Em postagens anteriores já falei da diversidade de coleções e coisas que podem ser encontradas no espaço de bibliotecas, como o  empréstimo de ferramentas de trabalho e de utensílios de cozinha.

O surgimento da ideia

biblioteca humana é uma experiência que iniciou com a ONG por jovens idealistas, denominada de “Stop the Violence” na  cidade dinamarquesa de Copenhaguem no ano 2000, dentro do Festival Roskilde ‒um dos  maiores festivais de verão na Europa. E desde esse primeiro momento a ideia já tinha o foco na anti-violência, encorajar o diálogo e ajudar a construir relações positivas  de tolerância e compreensão entre os visitantes do festival.

Naquele momento havia na Dinamarca uma grande concentração de pessoas de diferentes culturas, religiões, raças e então a população daquela região tinha um sentimento de invasão.

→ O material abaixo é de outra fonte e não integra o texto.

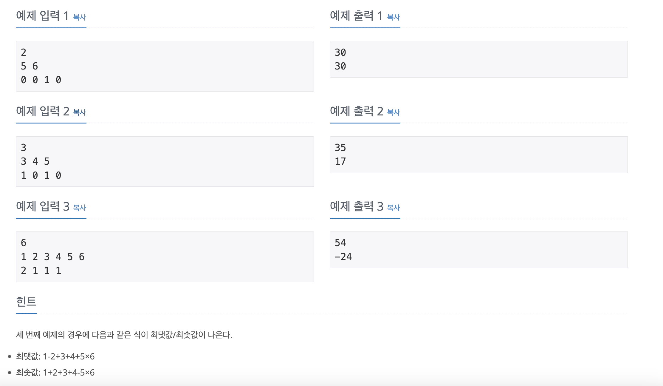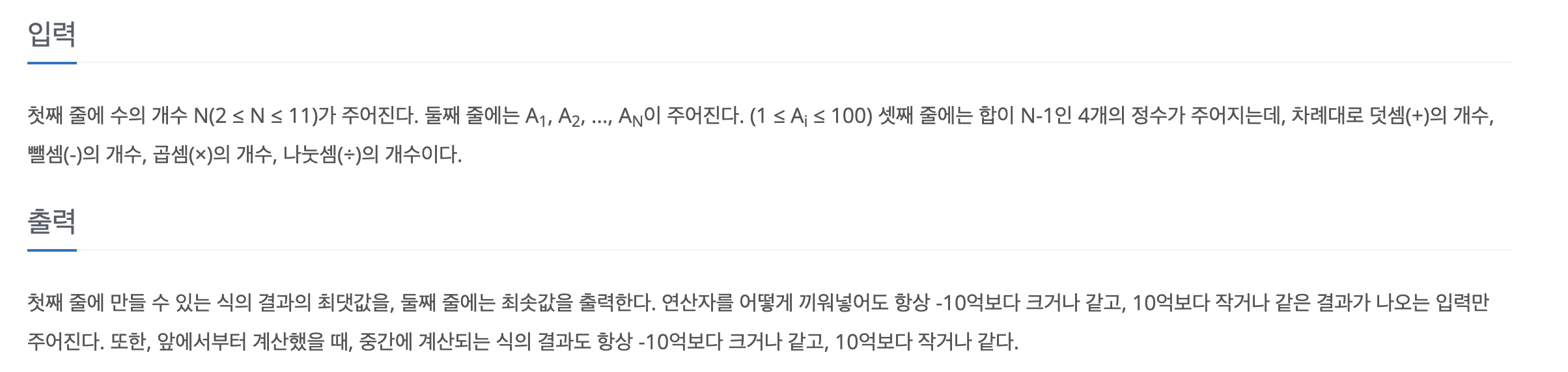 "백준 - 연산자 끼워넣기" 문제는 N개의 수열이 주어지고, N-1개의 연산자가 +, -, * ,/ 순서대로 주어질 때 각 수와 연산자를 조합해서 최댓값과 최솟값을 구하는 문제입니다.
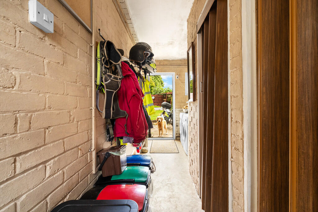 SIDEPORCH/UTILITYAREA15' 6" x 6' 0" (4.73m x 1.83m) Obscured double glazed uPVC doors to front and rear. Cloak hanging. Sliding doors to w.c and store room. Space for fridge freezer and space / plumbing for tumble dryer and washing machine.
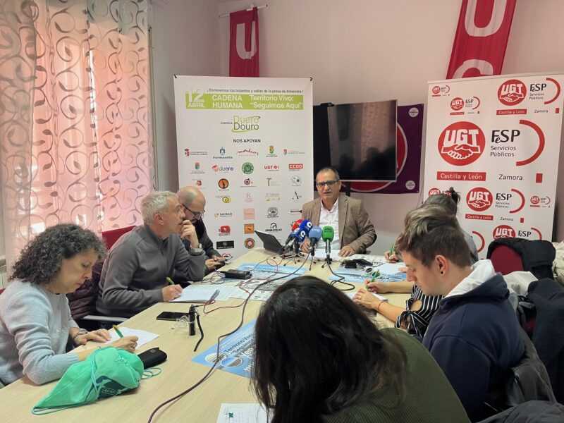 Todas las cuestiones referentes a la convocatoria de Cadena Humana han sido presentadas en rueda de prensa durante la mañana de este miércoles 2 de abril en la sede de Zamora del sindicato UGT por el director general de la Agrupación Europea de Cooperación Territorial (AECT) Duero-Douro, José Luis Pascual.
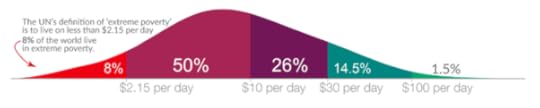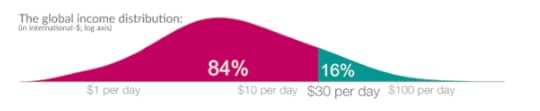 This sounds like a good measure for all the world’s people. If we rely on the $30 a day threshold as a definition for global ‘poverty’ and take into account the different price levels across countries, the latest statistics show that 85% of the world population live below this poverty line. That means 6.7 billion people.
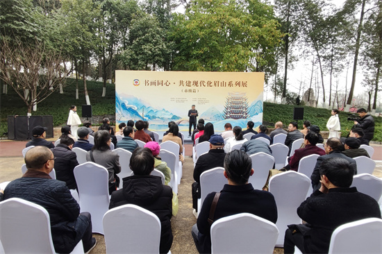 四川新闻网消息(周静 李田 摄影报道)3月1日,“书画同心·共建现代化眉山”系列书画展活动市级篇在眉山市政协书画院举行,市政协主席、党组书记黄剑东宣布开展。市政协副主席阳运良致辞。市政协秘书长胡建辉主持开展仪式。
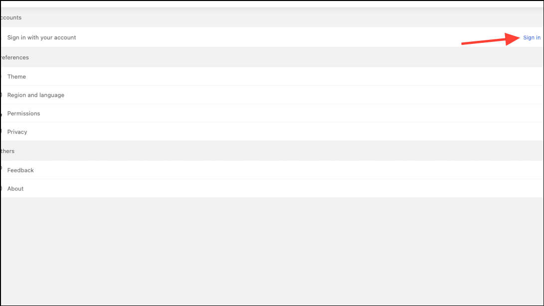 Step 5: To sign in, click on Sign in located at the top-left corner of the app.
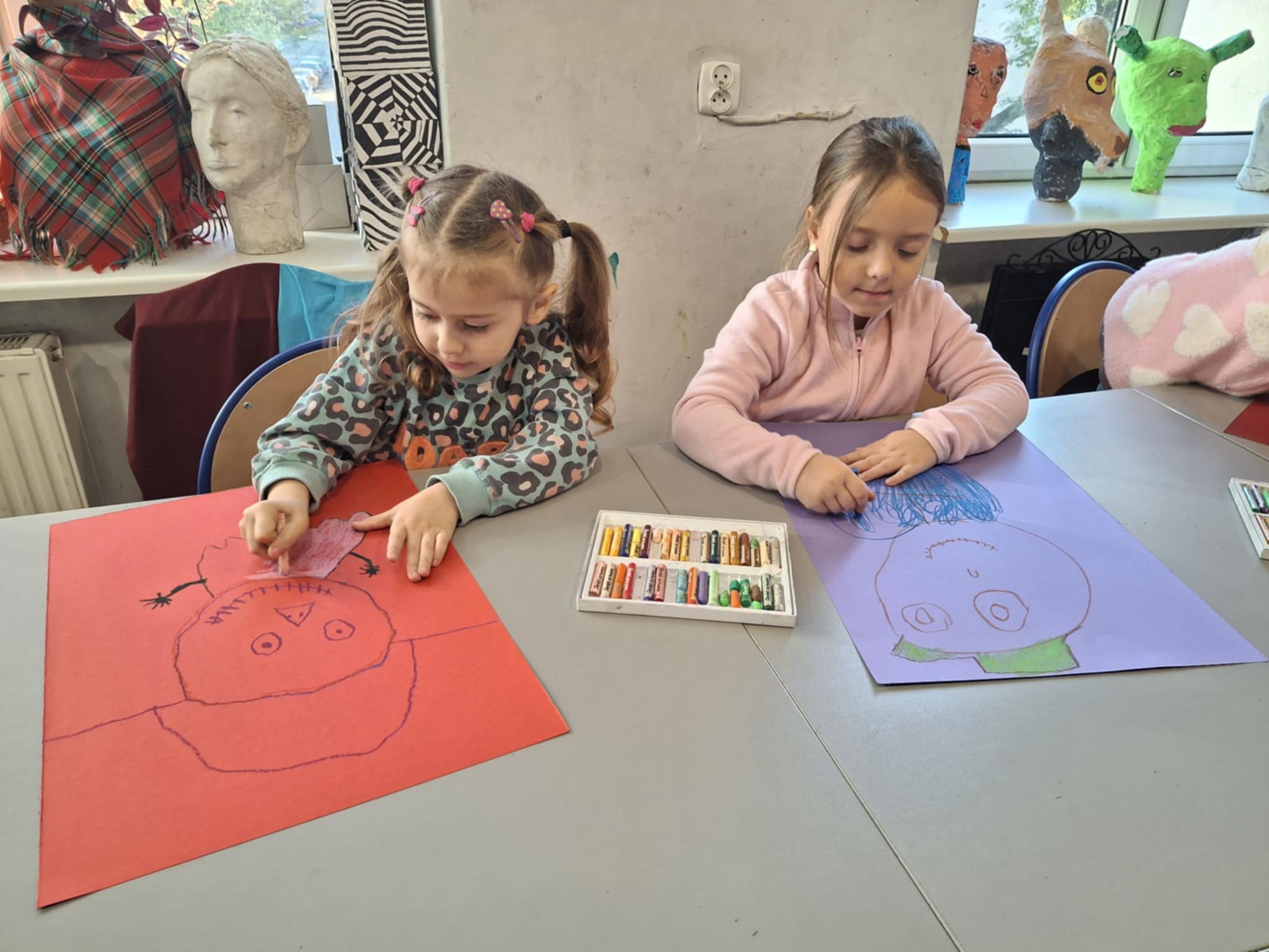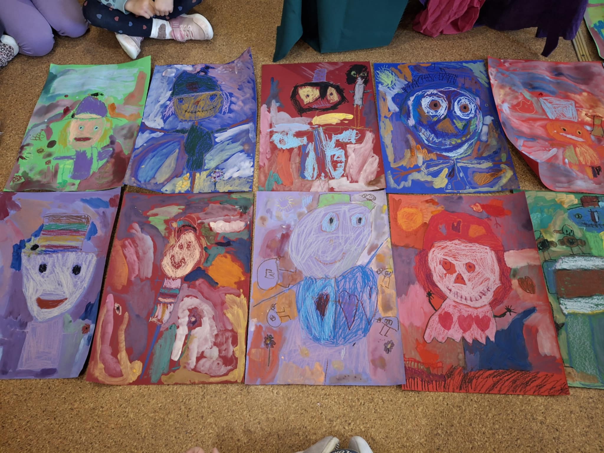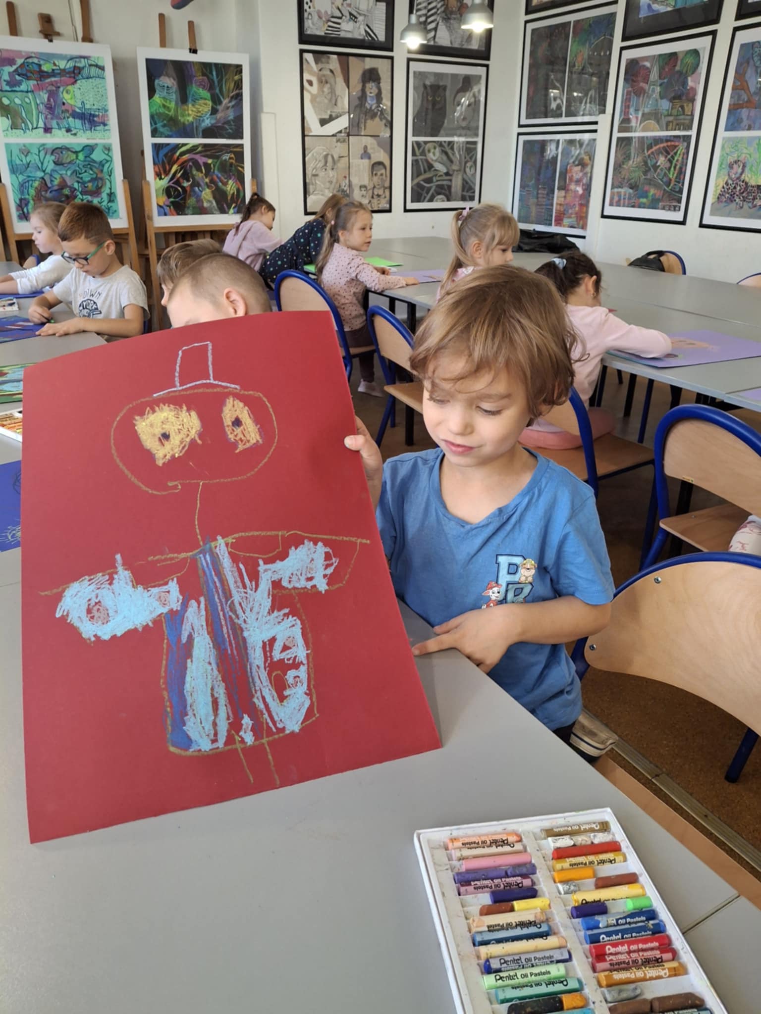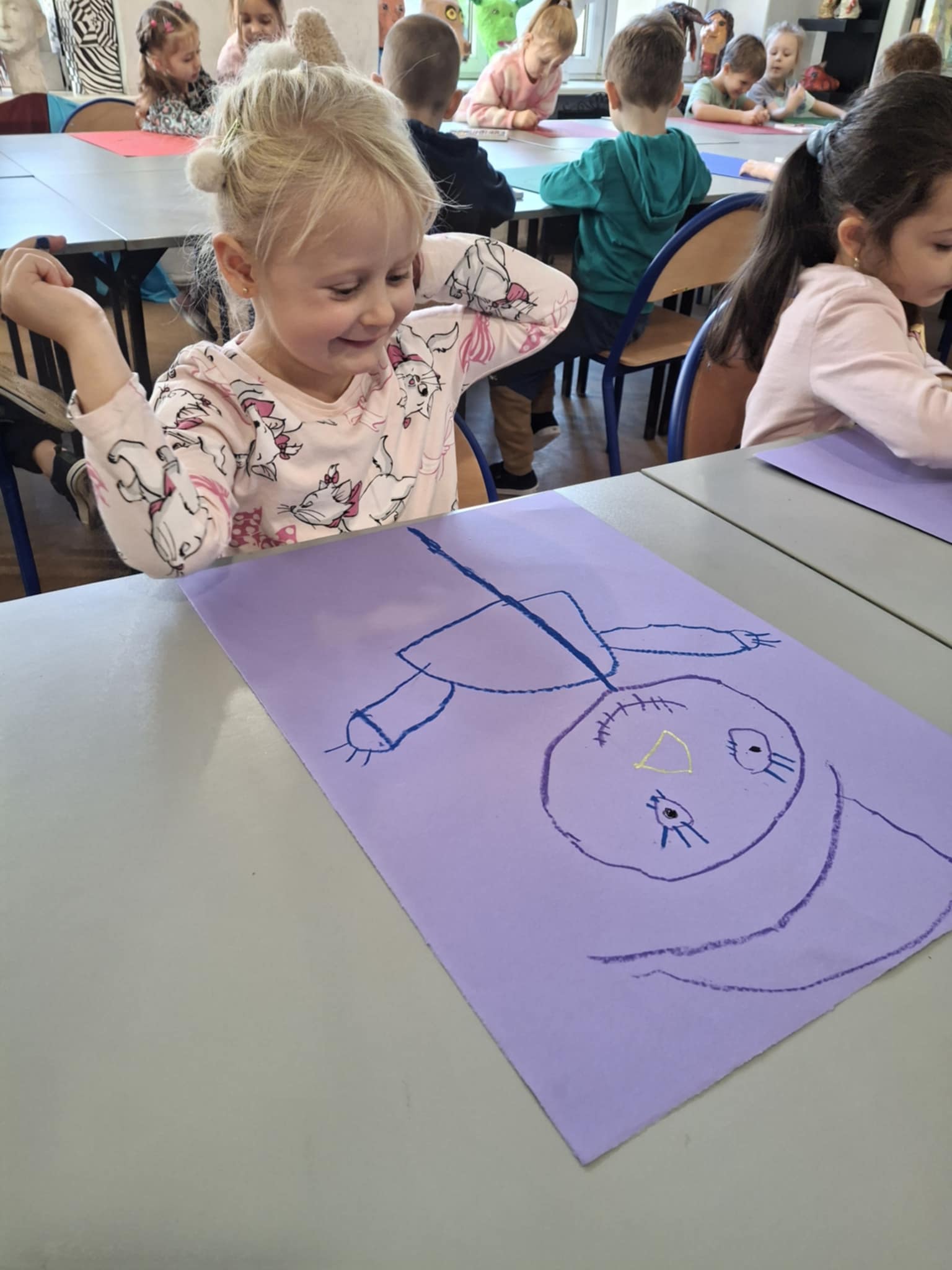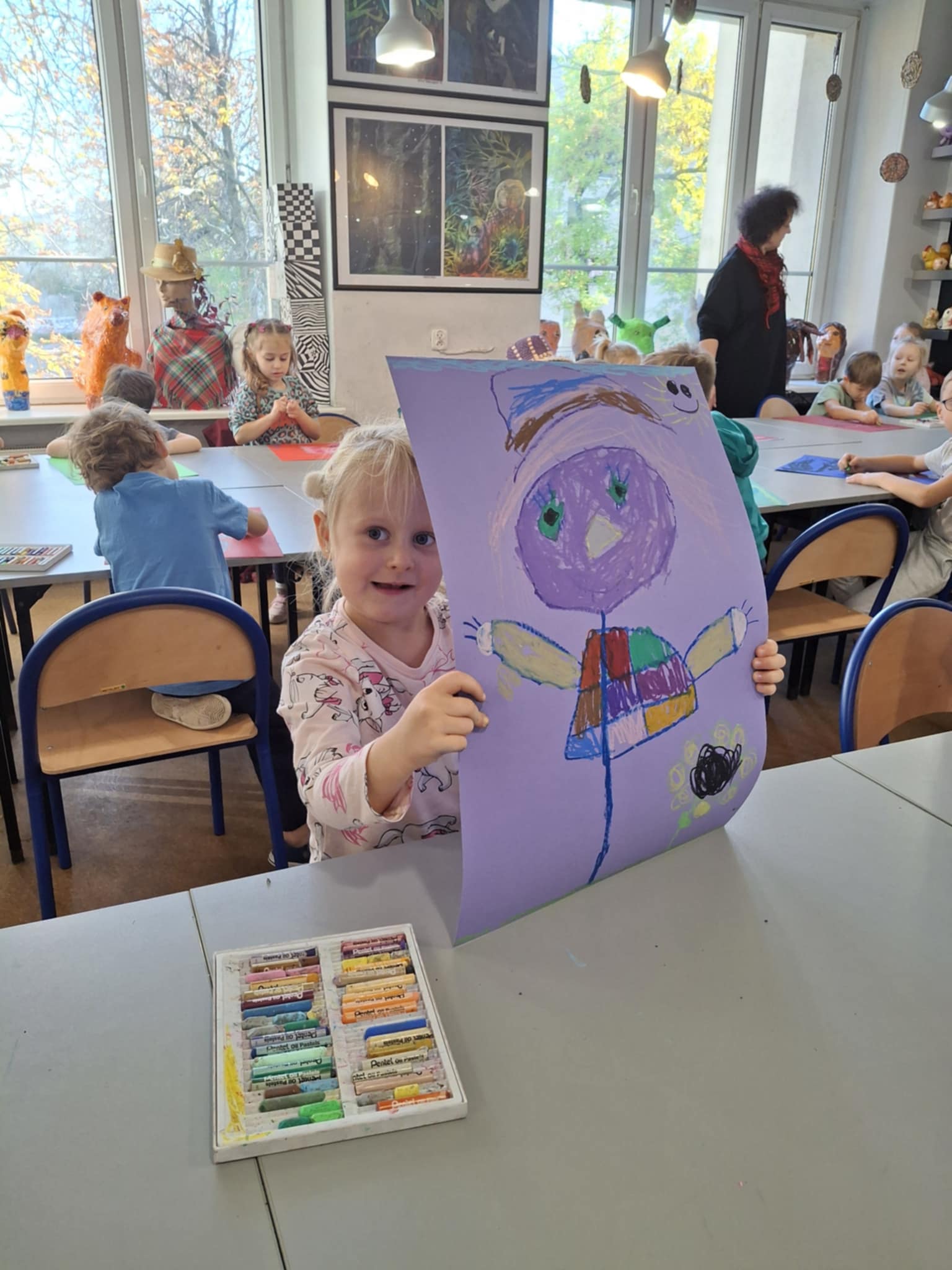 Pewien kolorowy strach na wróble stał w polu,odstraszał wróble i szpaki przez całą wiosnę i lato. Ale nadeszła już jesień. Plony zostały zebrane i strach zaczynał się nudzić. Szukał i znalazł przyjaciół wśród dzieci.Tak wyobraziły sobie dzieci ,,Kolorowego stracha na wróble,,.

Em oposição a esta crença, deu-se forma à biblioteca humana, uma plataforma para promover o diálogo entre as pessoas que normalmente nunca falam, possibilitando, de certo modo o questionamento aos preconceitos e estereótipos, e contribuindo para o reforço da coesão social.

Atualmente a biblioteca funciona como projetos e permite que algumas ONGs ou pessoas utilizem a marca para realização de eventos com o nome Library Human em diferentes partes do mundo.

A coleção da biblioteca

Os  materiais consultivos porque não há como comparar aos livros numa Biblioteca Humana são pessoas reais, voluntárias, capazes de comunicar a sua realidade pessoal. A modo ilustrativo, é possível estabelecer contato com pessoas que foram vítimas de discriminação ou exclusão social e que estão disponíveis para se encontrar, num ambiente aberto, acolhedor e seguro, com um ou mais “leitores” interessados.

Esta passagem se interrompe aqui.